Image by Galia Alena
It's been the week from hell. No, the week from buggery shitty bloody hell, and I say this through gritted teeth, dear reader. One minute you're up and the next you're so far down that you cannot even see the bottom of the pit you're free-falling into. When I received a rejection (the only one so far) for a collaborative project that took over most of last summer, it didn't even seem bad, all things considered.
At times like this, I wish I were a bit like Anne Frank or Samuel Pepys, people who were evidently able to write down their innermost desires and preoccupations relentlessly, beautifully and consistently, not only leaving a literary legacy to generations but demonstrating the healing quality of writing per se. It all seems effortless in their case. My writing diary? I haven't got one right now, or rather, you're reading it. I soldiered through last year with my first red Moleskine and those months were so trying and just plain bad that I threw the Mole in the recycling bin in December. It's the first diary I've got rid of in my life. Perhaps I shouldn't have done so.

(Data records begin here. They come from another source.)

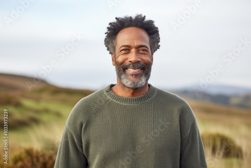Portrait of a satisfied afro-american man in his 50s wearing a cozy sweater while standing against serene dune landscape background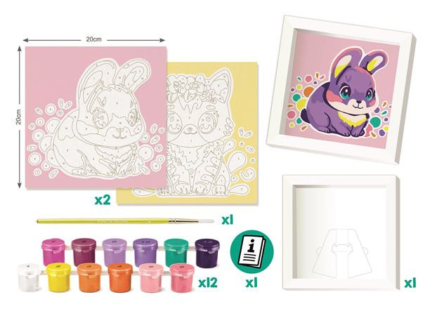 A számfestés remek szórakozás a gyerekeknek, akár a szobájuk dekorálására! A számok szerinti festéssel a gyerekek a számokat követve könnyedén festhetnek. Fejleszti a koncentrálást, segíti őket az instrukciók követésében, és játékos és pihentető módon kifejezni művészi tehetségüket! A készlet tartalma: - 2 db számozott vászon (cica, nyuszi) - 1 db ecset - 12 különböző színű festék - 1 db papír keret Ajánlott korosztály: 7+ Gyártó/első EU forgalmazó elérhetősége: MAPED SAS 530 route de Pringy - 74370 Argonay sophie.souillard@maped.fr www.maped.com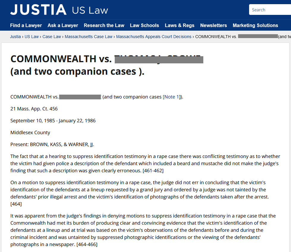"rock and roll fueled gang rape on a tour bus!!!" Made the TV news and all the papers. Next thing you know it's on TV that he's been sentenced to Walpole State Prison for a significant sentence.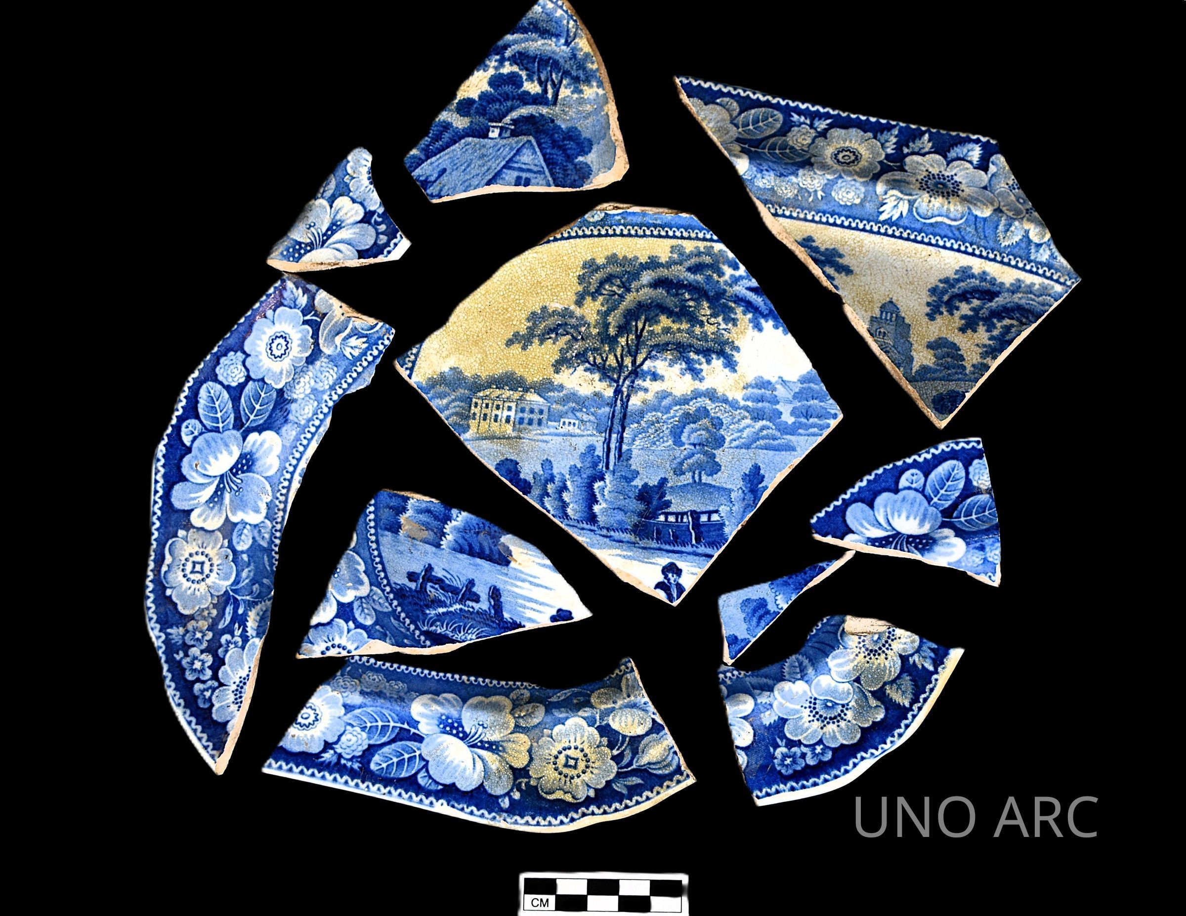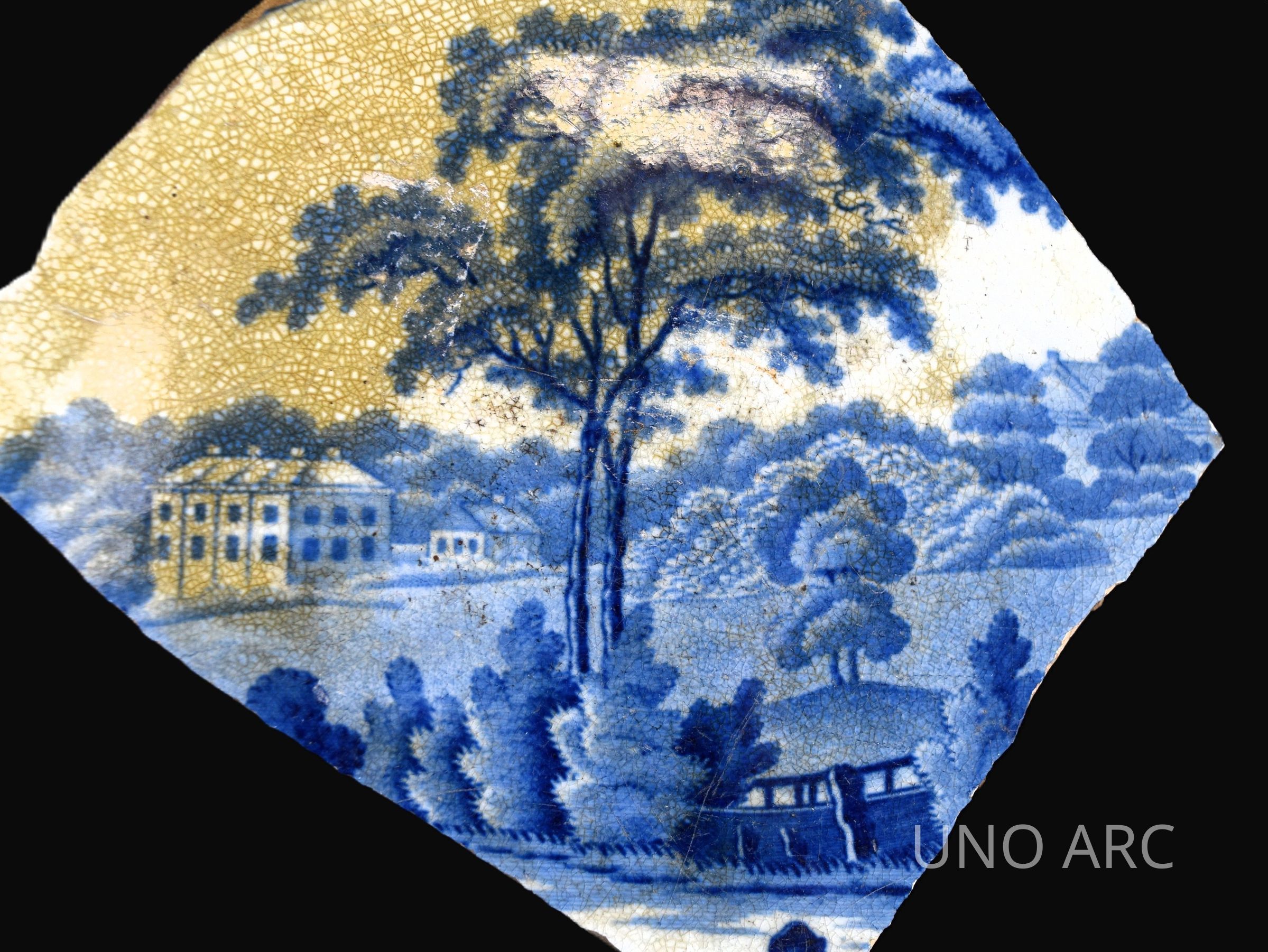 Blue transfer-print pearlware platterCollection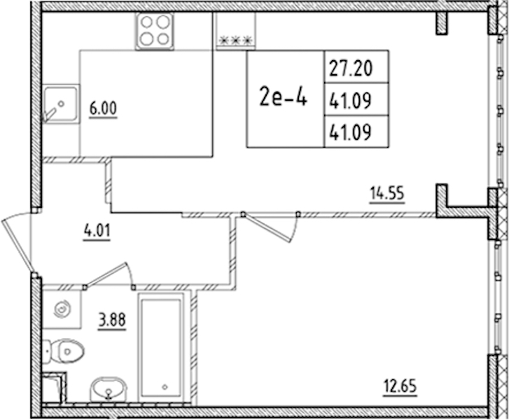 - Площадь41,09 м2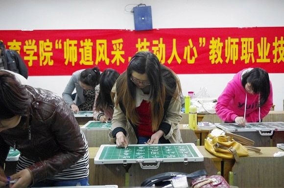 对学生职业技能的训练、提升和考核形成体系,从而切实提高了同学们以后为人师表的基本职业技能。通过本次比赛,同学们获得了一个锻炼自我、展示自我的平台,在培养职业能力和素养、满足教师专业发展需求的漫漫征程上,做出了十分重要的努力,相信结合接下来即将开展的一系列包括PPT设计、教案展示、现场说课等等赛程,大家在基本的课堂掌控能力上必将更上一层楼。(教师院/唐莹莹)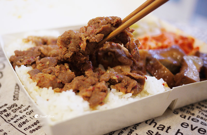 韓式燒肉飯裡有燒肉、一顆滷蛋、豆芽菜、韓式泡菜、豆干,份量十足,絕對是可以飽餐一頓的餐盒呢。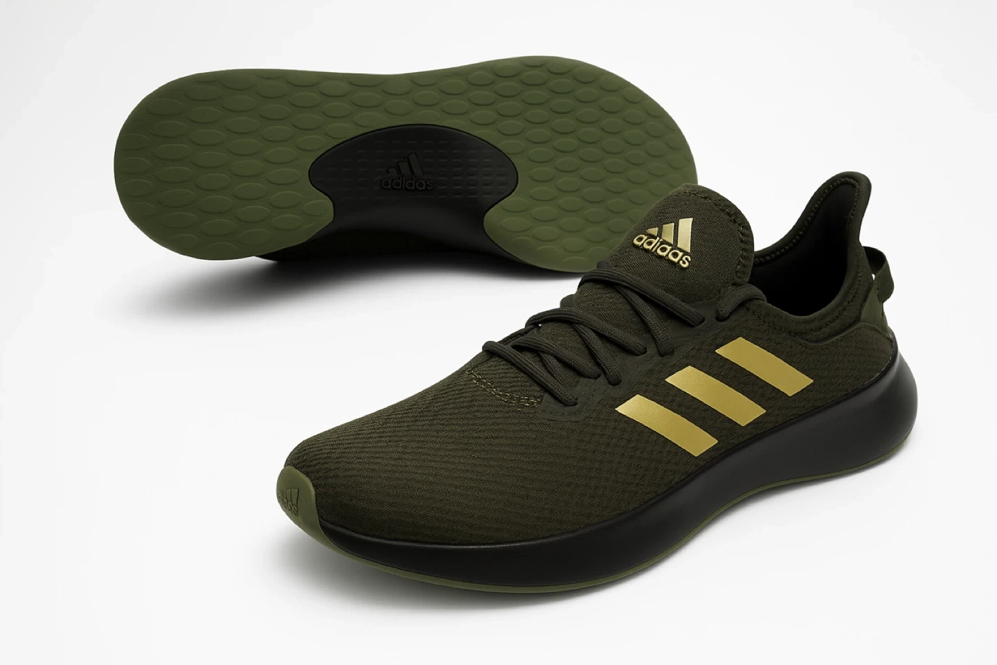 These Adidas running shoes are a stylish olive green with gold accents. They feature a breathable mesh upper and a comfortable Cloudfoam sole. Great for everyday wear or light jogs!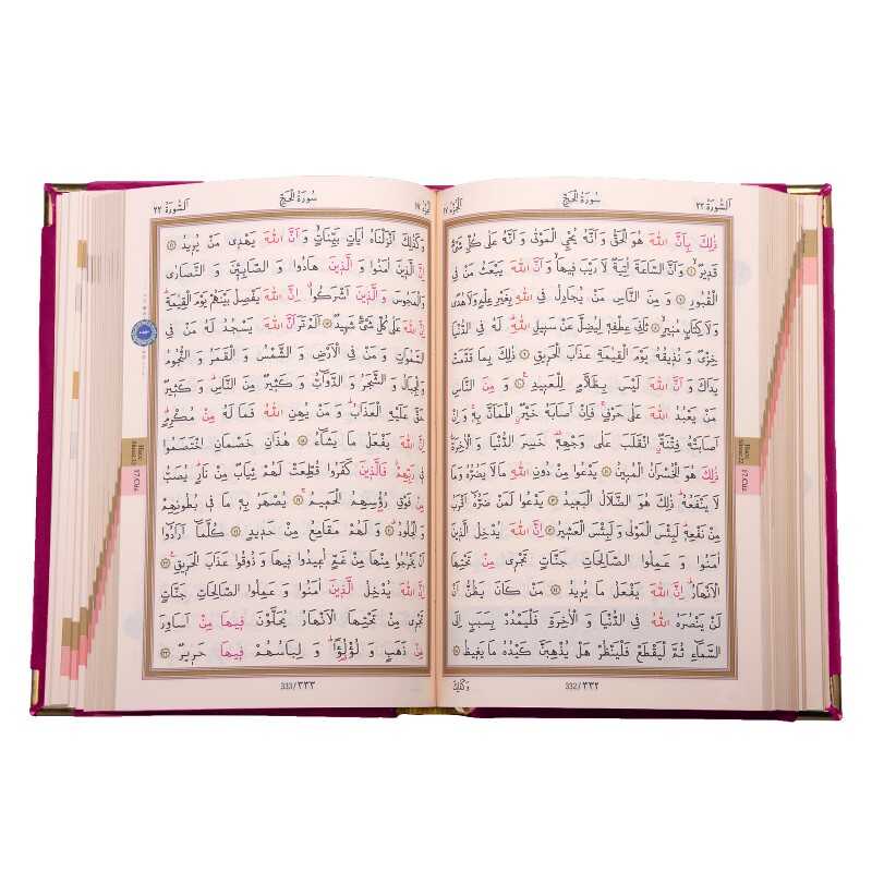 Big Pocket Size Velvet Bound Qur'an Al-Kareem (Pink, Embroidered, Gilded, Stamped)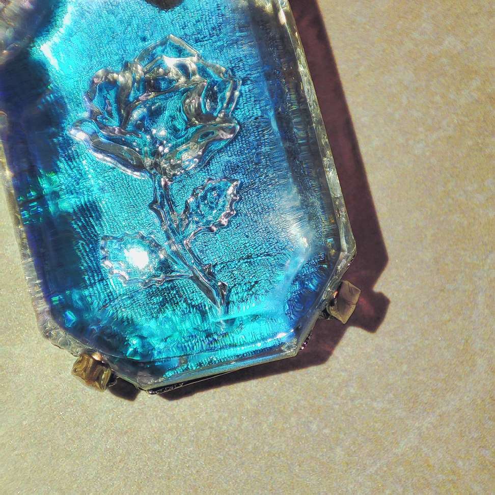 ローズインタリオはドイツの古い型をもとにしたデザインで、インタリオ技法自体は古代ローマの印章にまでさかのぼる歴史があります。透き通るベースに浮かぶ薔薇の線刻は、内側から照らされているように見え、モルフォの羽の青みと重なると特有の奥行きが生まれます。
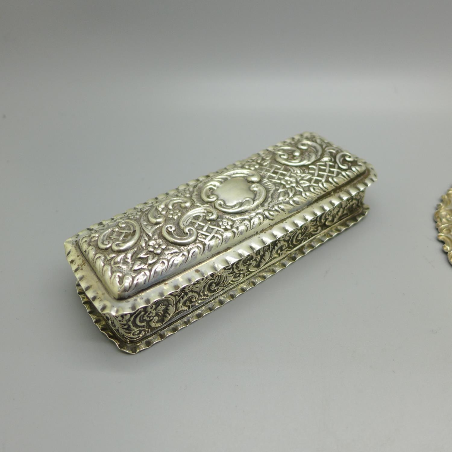 An embossed silver box, Birmingham 1900, 89g, width 13.5cm, ...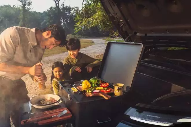 此外,全车共设计 50 处储物空间及 12 个取电口。前备厢容积 176 升,采用全封闭电动开启结构,内部集成 220V 电源,具备防泼溅与可冲洗特性,最新还提供拓展配件,可快速转换为露营料理台或观景平台。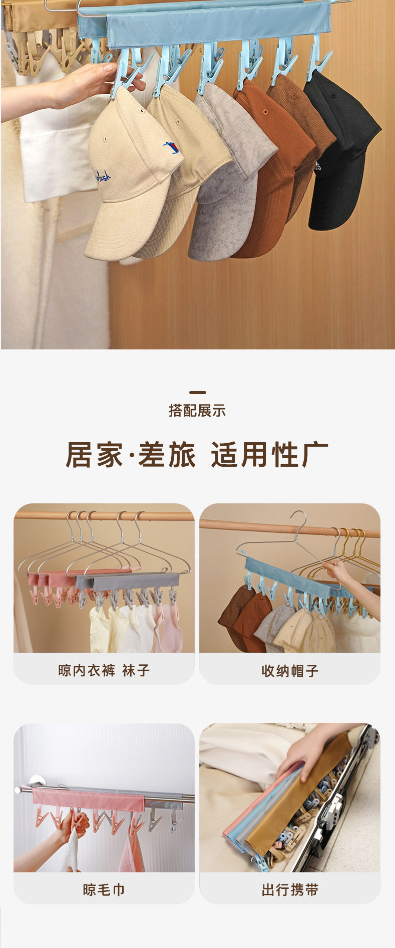New travel fabric hanger multi-functional folding hanger clip portable clothes hanger socks clip underwear clip Macaron
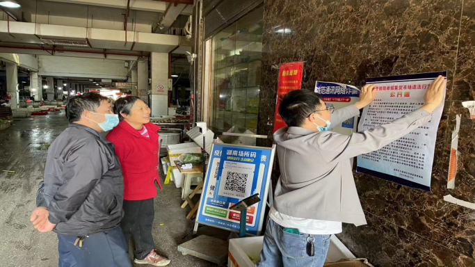4月20日,大通湖区市场监督管理局执法人员在辖区内主要农贸市场、大型商超的醒目位置张贴《关于鼓励举报集贸市场违法行为的公开信》,不少群众纷纷围观点赞。

After all, it's always life-affirming to re-read about the bad times once we're over them, isn't it? But I don't like doing that either. My past is a trunk in the attic and I never open it. The bad memories dance around, still throwing shapes, and they remain as stomach-churning as when I was living them. The good ones inject my day with a very pungent sweet-and-sour, Keats-like nostalgia. Maybe that's precisely what I found most disappointing about my diary: I had stellar, life-affirming plans for it at the beginning of the year and, barely one quarter through it, I realised that my musings were about as penetrating and as interesting as Kurt Cobain's, except he placed the ultimate exclamation mark at the end of his and I'm not interested in that sort of punctuation. You see, his diaries should never have been published. Certain things should remain unread. I hope that the red Mole got well pulped.
And this brings me to the best bit, just in case you think I'm going all doom-and-gloom on you for no apparent reason. I've found something stellar, uplifting, sparkly, fun and fabulous as of late: Andrea's 101 Creativity. If you get The Creative Times (and if not, why not?), you will have already read about her in last Monday's issue. This online course guides you through the good and the bad times and applies the principle I often refer to: your journal shouldn't be a place for gripes but one for celebrations! And even if you have gripes for five minutes, exorcise them in your journal and see how a so-and-so day turns into a damn fine one. You'll think this is airy fairy hocus pocus for idiots, but I assure you, it's not. Writing and journaling provide us with comfort when we can find it nowhere else, even when our prose isn't half as compelling as Anne's or Samuel's and our drawings ain't a patch on Michelangelo's. And who says they have to be anyway? Head over to Andrea's digs and see for yourself.
Indeed! I've just started a creative journal. The first time I've used colour in a journal, to be honest, and it's quite fun and liberating.